"The Entropy Trajectory"

The Entropy Trajectory

When a language model reasons step by step, it maintains a distribution over possible answers at each step. This distribution has an entropy — a measure of how uncertain the model is. The total entropy reduction from first step to last tells you something about the model’s confidence. But it doesn’t tell you whether the model will get the right answer.

The shape of the trajectory does.

A monotone entropy trajectory — one where uncertainty decreases at every step — predicts 68.8% accuracy. A non-monotone trajectory — where uncertainty increases at any step — predicts 46.8%. The gap is large and statistically significant. Total entropy reduction, by contrast, has no predictive power. Two reasoning chains can reduce entropy by the same total amount, but the one that does so smoothly is far more likely to be correct.

Performance degrades with the number of violations. Zero violations: 68.8%. One: declining. Two: 28.6%. Each moment where the model becomes more confused mid-reasoning is a signal that something has gone wrong — not a temporary detour but a structural failure in the reasoning process.

The practical advantage is efficiency. Monitoring entropy trajectory requires approximately 1,500 tokens per question — one-eighth the cost of sampling 40 independent chains for self-consistency. The structural signal is cheaper to extract than the statistical one.

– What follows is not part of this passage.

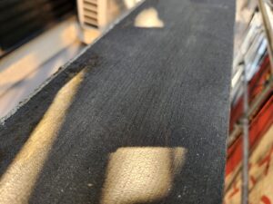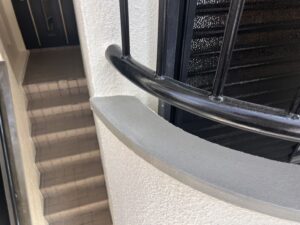 笠木部分も防水塗膜つけるので、ケレンを行っていきます。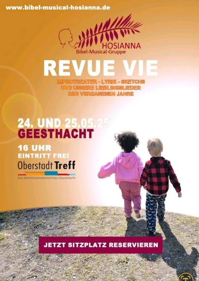 Unsere Gruppe „Hosianna“ bringt am 24. & 25. Mai um 16 Uhr eine ganz besondere Revue auf die Bühne: Improtheater, Lieder, Sketche und echte Herzensmomente – mit Menschen von jung bis alt.

The deeper point: aggregate measures (total reduction, final confidence) lose information that sequential measures (step-by-step trajectory) preserve. A correct reasoning chain resolves uncertainty monotonically because each step genuinely constrains the answer space. A wrong chain wanders — it discovers contradictions, backtracks, introduces new uncertainty. The shape of the path is evidence about the path’s validity.